I have had a couple of complete freezes of my Tivo box lately (and no reboot so it would have stayed in the frozen state forever preventing further recordings) which I think sadly are down to TWP 1.3.1 So its back to TW1.9.4 although running the daynight theme and accessing it via Mozilla Firefox 2 which gives you a little Tivoguy in the bottom right of the TivoWeb desktop. Strangely this Tivoguy does not appear when running TWP1.9.4 under IE6 or IE7.


----------



## RichardJH (Oct 7, 2002)

Just like you that despite some good features in TWP I am now realising that TW1.9.4 is more stable so its another " If Only " for us UK series 1 users.
What I have done so that I can access TWP with ease if I want to use the bits I like I have both installed and on the same port and using the same password and with hackman installed I can swap between then on the fly. You must have hackman installed on both or you will not be able to swap back. I only have TW1.9.4 set to start on boot. By having both using the same port but only ever one running I get access to whichever is running using the same shortcut set up any any PC I use. Normally after using TWP I swap back to TW1.9.4 but if I forget at least I get TWP


----------



## Pete77 (Aug 1, 2006)

RichardJH said:


> What I have done so that I can access TWP with ease if I want to use the bits I like I have both installed and on the same port and using the same password and with hackman installed I can swap between then on the fly. You must have hackman installed on both or you will not be able to swap back. I only have TW1.9.4 set to start on boot. By having both using the same port but only ever one running I get access to whichever is running using the same shortcut set up any any PC I use. Normally after using TWP I swap back to TW1.9.4 but if I forget at least I get TWP


One of TWP1.3.1's worst faults seemed to be my recordings sticking at a certain point and going through a repeating loop 2 or 3 times before carrying on when the OzTivo desktop Widget was polling the box for data. So far as I can recall this didn't happen with TW1.9.4 and the OzTivo Widget accessing it for data.

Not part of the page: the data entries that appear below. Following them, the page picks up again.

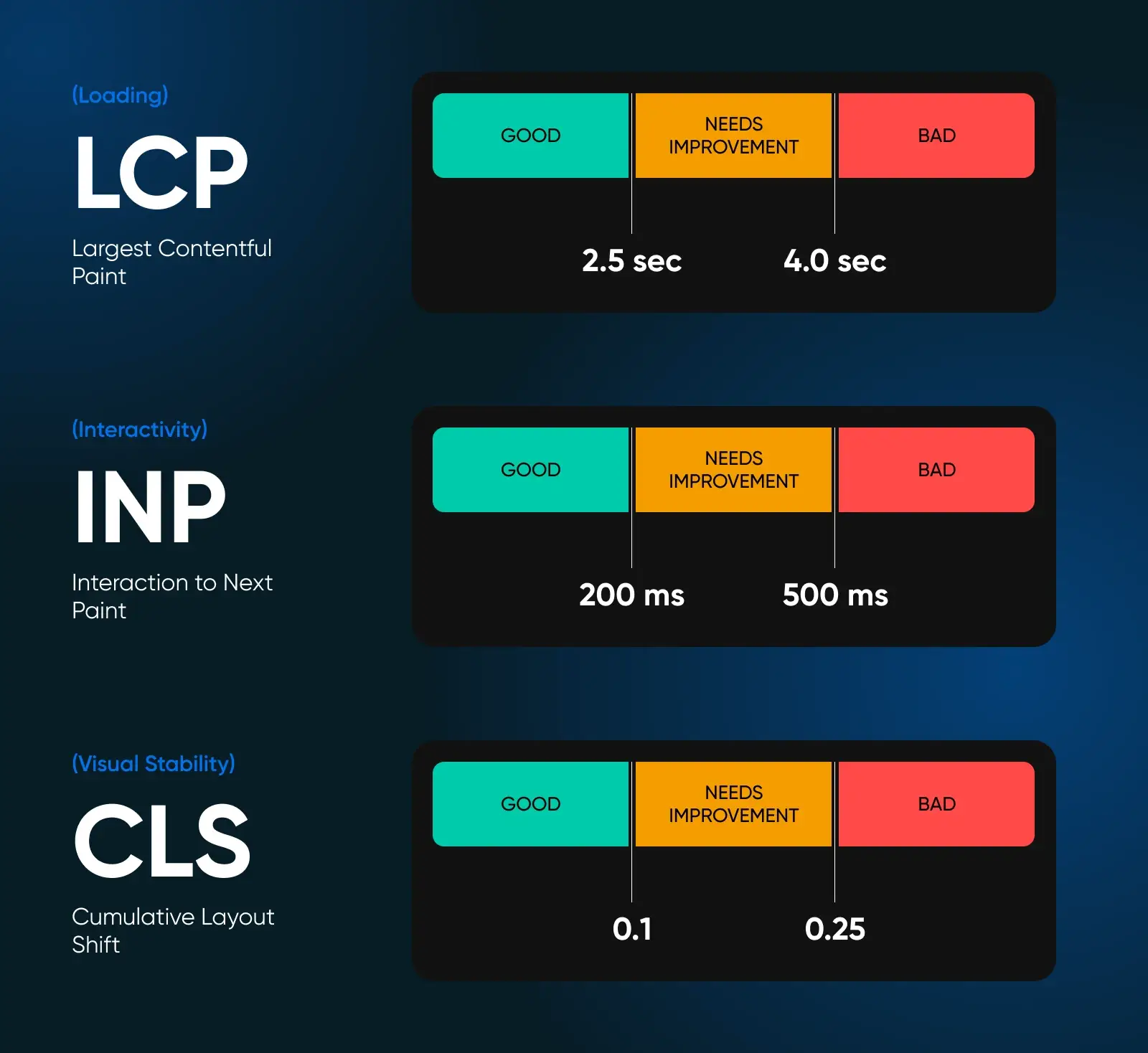 在这些指标上得分越高,您在谷歌上的排名就越靠前。让我们快速了解一下这些指标。
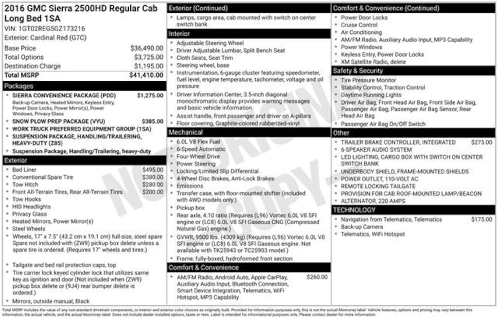 Cardinal Red 2016 GMC Sierra 2500HD 2D Standard Cab 4WD 6-Speed Automatic HD Electronic with Overdrive 6.0L 8-Cylinder SFI Flex Fuel OHV
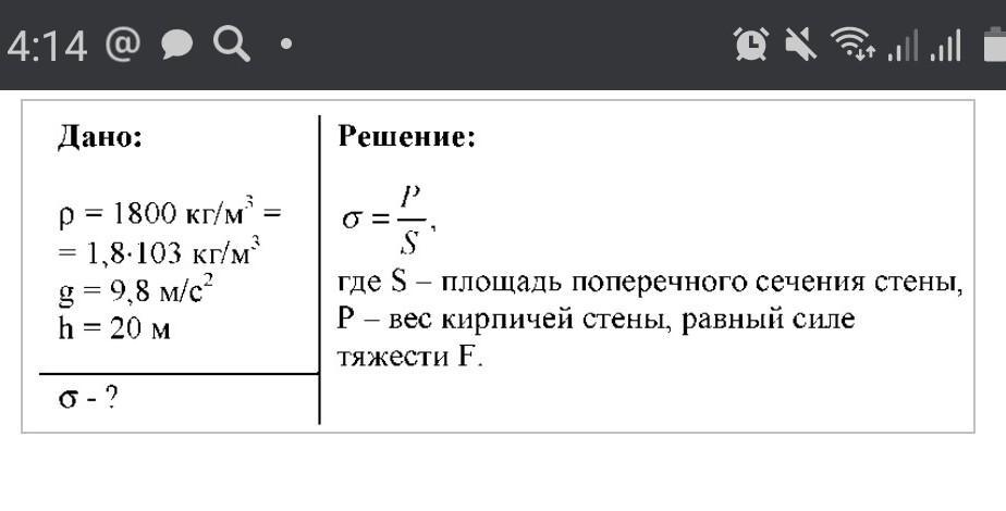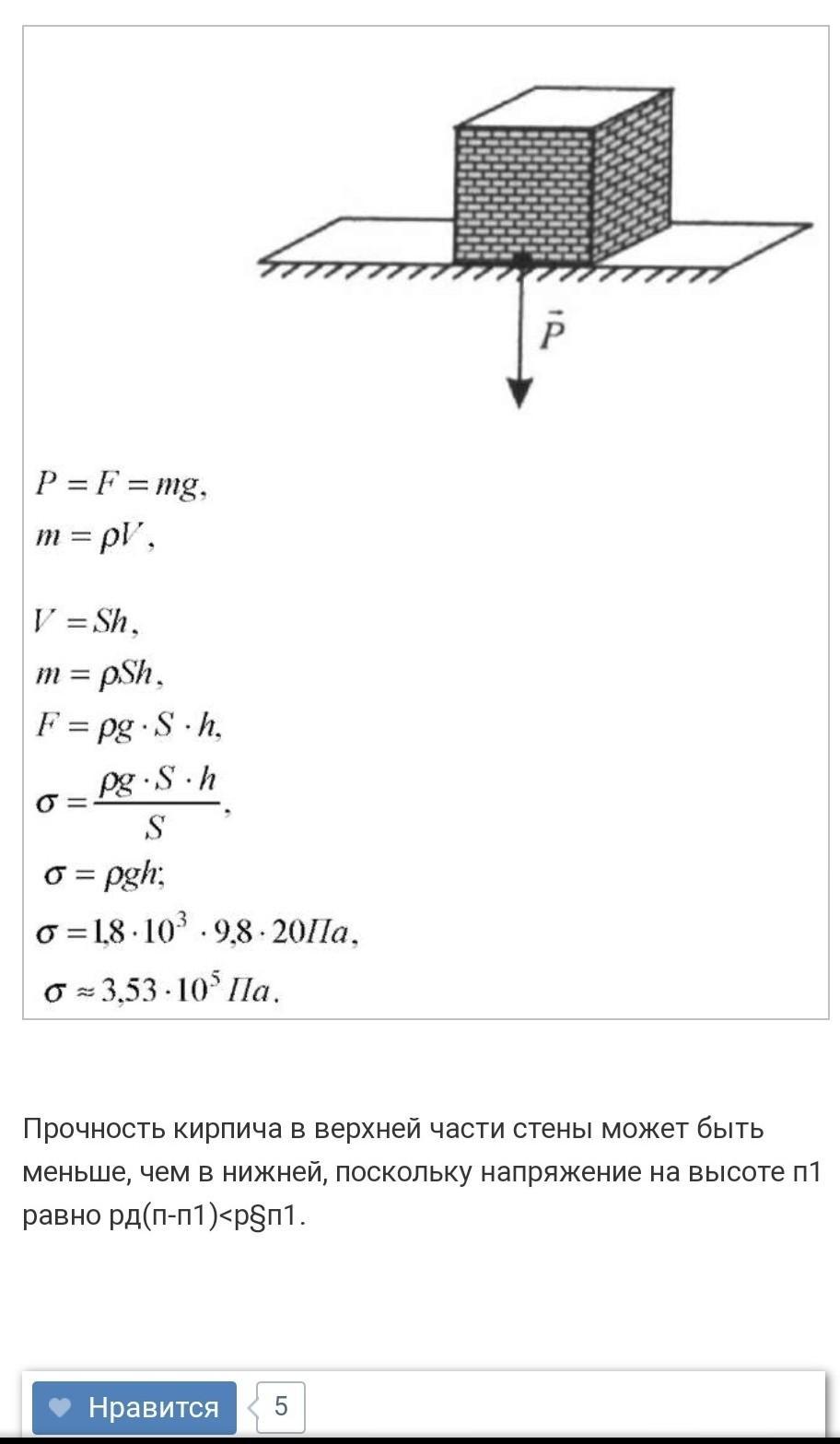 Определите напряжение в основании кирпичной стены высотой 20 м. Одинакова ли прочность кирпича внизу и вверху стены?

But finding that my box can just be frozen permanently was the last straw for continued use of TWP1.3.1.

The main useful things in TWP1.3.1 to be missed are clearly much easier access to hover over pop up program descriptions in all the main lists, the Hi Guide module, the Channel List setup module (whatever its called) and the addition of disk health status to the Info function. Sadly TWP1.3.1 modules will not operate under TW1.9.4.

As to swapping between them I don't much care for or trust Hackman so find it easier to use my Startup Editor to take the # in front of the TWP1.3.1 startup line away if I need to get it going to do something.


----------



## RichardJH (Oct 7, 2002)

> As to swapping between them I don't much care for or trust Hackman so find it easier to use my Startup Editor to take the # in front of the TWP1.3.1 startup line away if I need to get it going to do something.


Not to sure why you dont like hackman. It uses password protection to stop unauthorised access to the bits that allow file modification which startup editor doesn't. This password protection is in addition to the username and password that can be set for Tivoweb.
Also if you use a non standard port no it is felt that Tivo is pretty safe from miscreants.


----------



## The Obo (Feb 22, 2005)

Tivo_noob said:


> try hitting refresh


nope - doesn't work. Even a Quick Restart doesn't get rid of it!
Nor does changing the theme....

I'm actually getting used to it now and quite like it....


----------



## Pete77 (Aug 1, 2006)

The Obo said:


> nope - doesn't work. Even a Quick Restart doesn't get rid of it!
> Nor does changing the theme....
> 
> I'm actually getting used to it now and quite like it....


Try rebooting the Tivo box.


----------